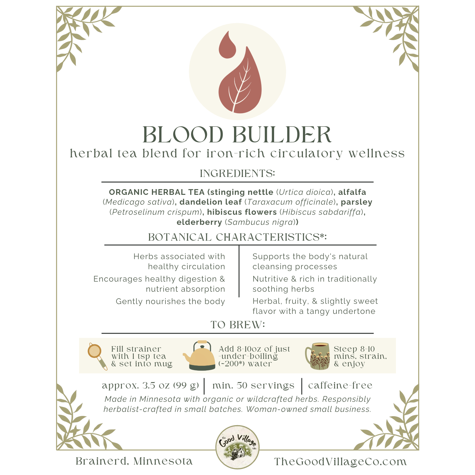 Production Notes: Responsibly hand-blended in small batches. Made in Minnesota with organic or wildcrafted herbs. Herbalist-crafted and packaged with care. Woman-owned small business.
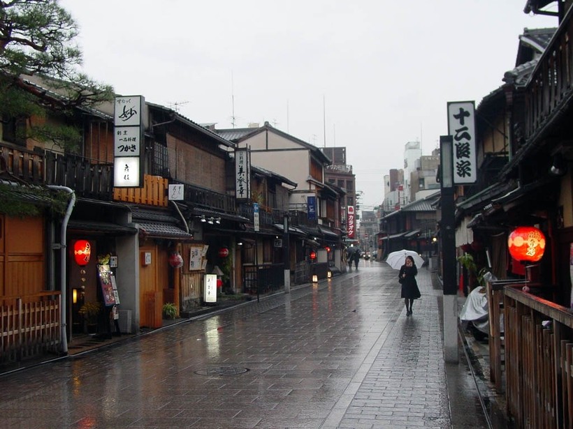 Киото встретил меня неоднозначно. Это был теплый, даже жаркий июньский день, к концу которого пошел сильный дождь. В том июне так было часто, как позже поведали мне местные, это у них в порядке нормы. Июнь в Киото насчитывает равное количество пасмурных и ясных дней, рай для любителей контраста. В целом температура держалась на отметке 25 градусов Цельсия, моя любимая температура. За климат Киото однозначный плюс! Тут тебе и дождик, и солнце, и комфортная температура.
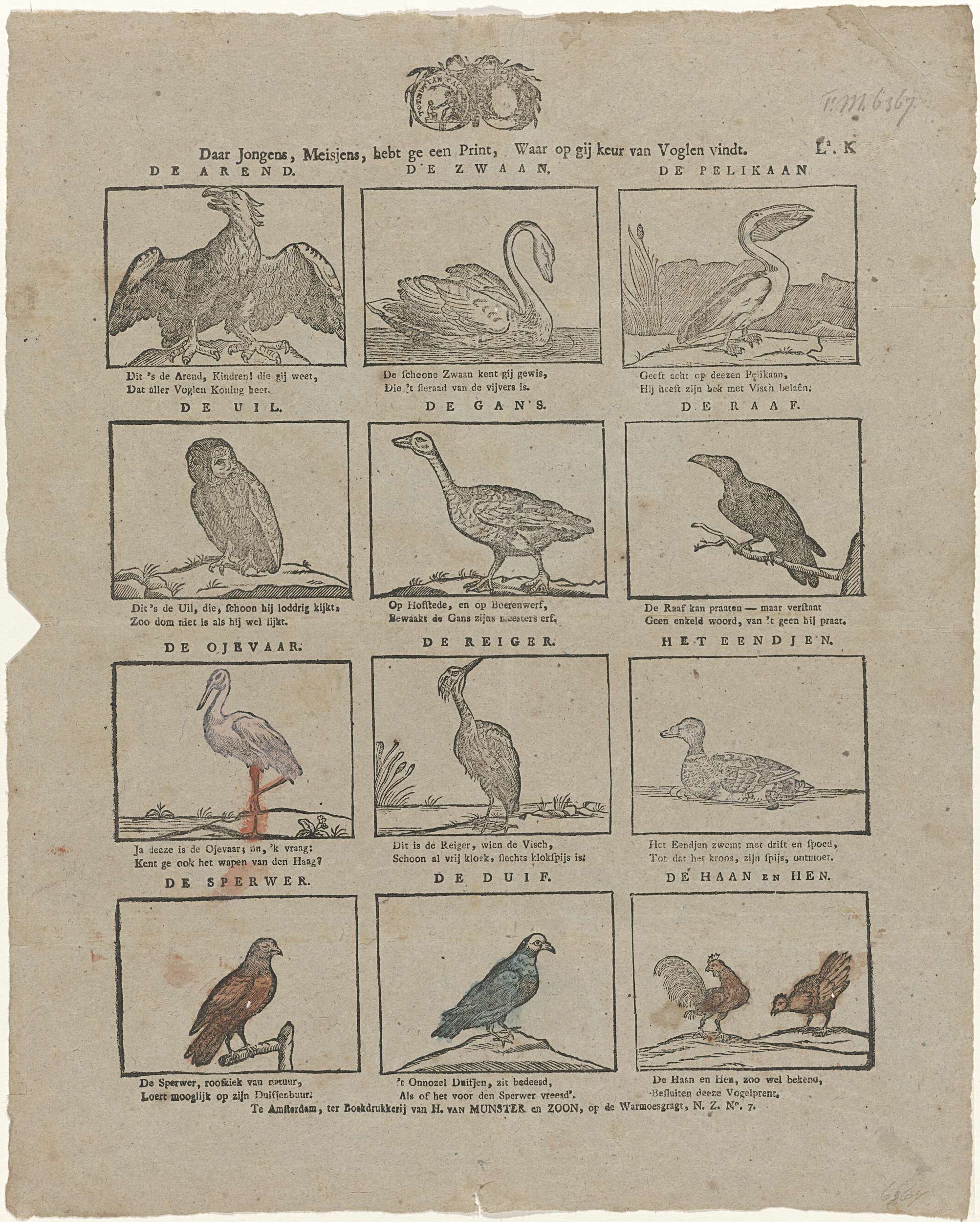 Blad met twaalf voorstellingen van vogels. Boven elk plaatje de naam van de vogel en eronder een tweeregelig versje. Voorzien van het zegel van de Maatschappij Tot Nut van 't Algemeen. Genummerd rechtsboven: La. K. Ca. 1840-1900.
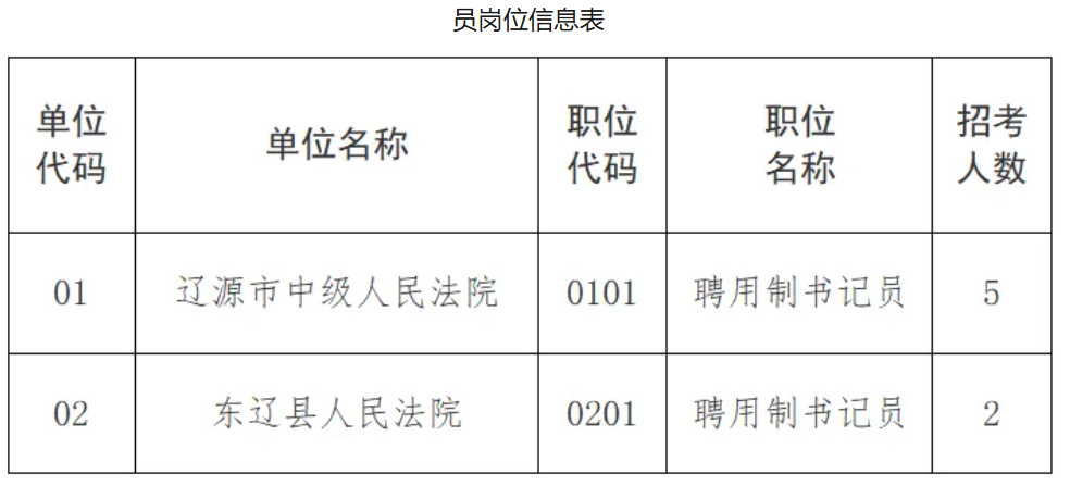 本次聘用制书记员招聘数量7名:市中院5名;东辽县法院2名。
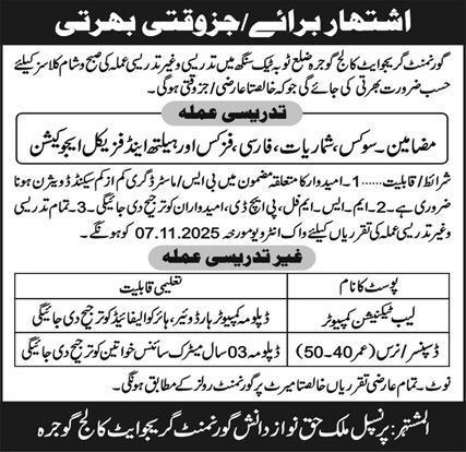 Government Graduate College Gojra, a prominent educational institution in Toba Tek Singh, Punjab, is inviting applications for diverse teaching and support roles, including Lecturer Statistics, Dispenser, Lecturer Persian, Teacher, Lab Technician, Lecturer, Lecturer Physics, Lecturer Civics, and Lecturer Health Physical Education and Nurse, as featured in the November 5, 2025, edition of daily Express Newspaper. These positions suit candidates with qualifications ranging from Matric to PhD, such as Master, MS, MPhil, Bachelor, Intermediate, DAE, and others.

········

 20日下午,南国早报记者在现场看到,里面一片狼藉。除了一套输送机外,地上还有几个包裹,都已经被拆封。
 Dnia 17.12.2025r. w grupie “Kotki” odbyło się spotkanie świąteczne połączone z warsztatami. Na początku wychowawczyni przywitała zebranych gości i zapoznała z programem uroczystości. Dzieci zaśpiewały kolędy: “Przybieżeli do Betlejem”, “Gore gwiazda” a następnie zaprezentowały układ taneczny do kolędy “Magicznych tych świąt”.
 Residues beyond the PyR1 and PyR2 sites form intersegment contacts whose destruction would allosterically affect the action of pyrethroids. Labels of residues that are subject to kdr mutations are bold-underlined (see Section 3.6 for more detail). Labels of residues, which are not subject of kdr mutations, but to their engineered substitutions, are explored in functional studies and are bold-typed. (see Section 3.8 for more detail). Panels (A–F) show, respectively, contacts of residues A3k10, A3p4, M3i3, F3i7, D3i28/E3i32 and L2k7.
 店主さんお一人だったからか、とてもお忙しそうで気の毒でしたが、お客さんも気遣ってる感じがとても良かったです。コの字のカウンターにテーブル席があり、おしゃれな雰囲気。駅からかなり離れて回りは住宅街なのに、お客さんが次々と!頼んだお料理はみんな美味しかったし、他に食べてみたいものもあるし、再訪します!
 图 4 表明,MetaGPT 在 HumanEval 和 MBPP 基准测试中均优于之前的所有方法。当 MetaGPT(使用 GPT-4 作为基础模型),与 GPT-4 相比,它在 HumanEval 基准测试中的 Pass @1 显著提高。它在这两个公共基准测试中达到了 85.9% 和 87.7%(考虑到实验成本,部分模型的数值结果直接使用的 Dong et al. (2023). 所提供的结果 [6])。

········

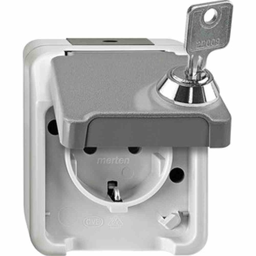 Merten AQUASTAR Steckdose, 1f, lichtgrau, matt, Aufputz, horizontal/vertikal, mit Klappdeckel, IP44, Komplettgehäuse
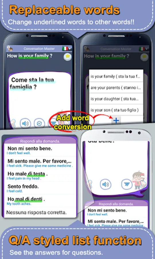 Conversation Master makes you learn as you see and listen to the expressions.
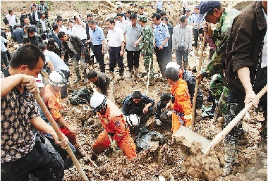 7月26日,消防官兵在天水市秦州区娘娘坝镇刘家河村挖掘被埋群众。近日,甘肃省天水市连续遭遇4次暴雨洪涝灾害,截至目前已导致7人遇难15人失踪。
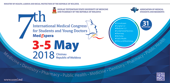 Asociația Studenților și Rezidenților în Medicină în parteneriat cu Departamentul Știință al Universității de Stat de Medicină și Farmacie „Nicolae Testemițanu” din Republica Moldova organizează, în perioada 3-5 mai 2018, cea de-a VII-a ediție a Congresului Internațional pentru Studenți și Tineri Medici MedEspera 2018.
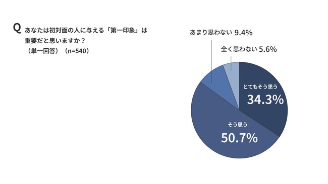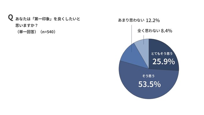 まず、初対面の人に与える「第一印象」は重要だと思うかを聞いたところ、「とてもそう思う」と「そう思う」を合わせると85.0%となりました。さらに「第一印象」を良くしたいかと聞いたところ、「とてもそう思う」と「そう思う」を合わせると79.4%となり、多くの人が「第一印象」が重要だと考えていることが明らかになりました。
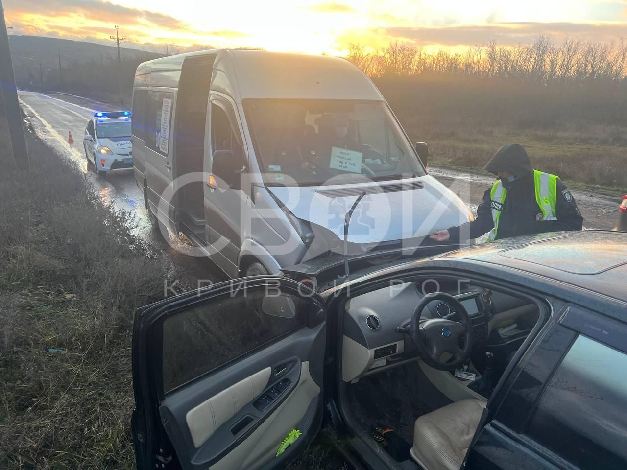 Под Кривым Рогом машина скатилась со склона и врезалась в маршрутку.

········

The problem → The material above holds pictures; leave them out and set down exactly the lines from the line with "Киото встретил меня" to the line with "本次聘用制书记员招聘数量7名:市中院5名;东辽县法院2名。", both included.

Result of the exercise →
 Киото встретил меня неоднозначно. Это был теплый, даже жаркий июньский день, к концу которого пошел сильный дождь. В том июне так было часто, как позже поведали мне местные, это у них в порядке нормы. Июнь в Киото насчитывает равное количество пасмурных и ясных дней, рай для любителей контраста. В целом температура держалась на отметке 25 градусов Цельсия, моя любимая температура. За климат Киото однозначный плюс! Тут тебе и дождик, и солнце, и комфортная температура.
 Blad met twaalf voorstellingen van vogels. Boven elk plaatje de naam van de vogel en eronder een tweeregelig versje. Voorzien van het zegel van de Maatschappij Tot Nut van 't Algemeen. Genummerd rechtsboven: La. K. Ca. 1840-1900.
 本次聘用制书记员招聘数量7名:市中院5名;东辽县法院2名。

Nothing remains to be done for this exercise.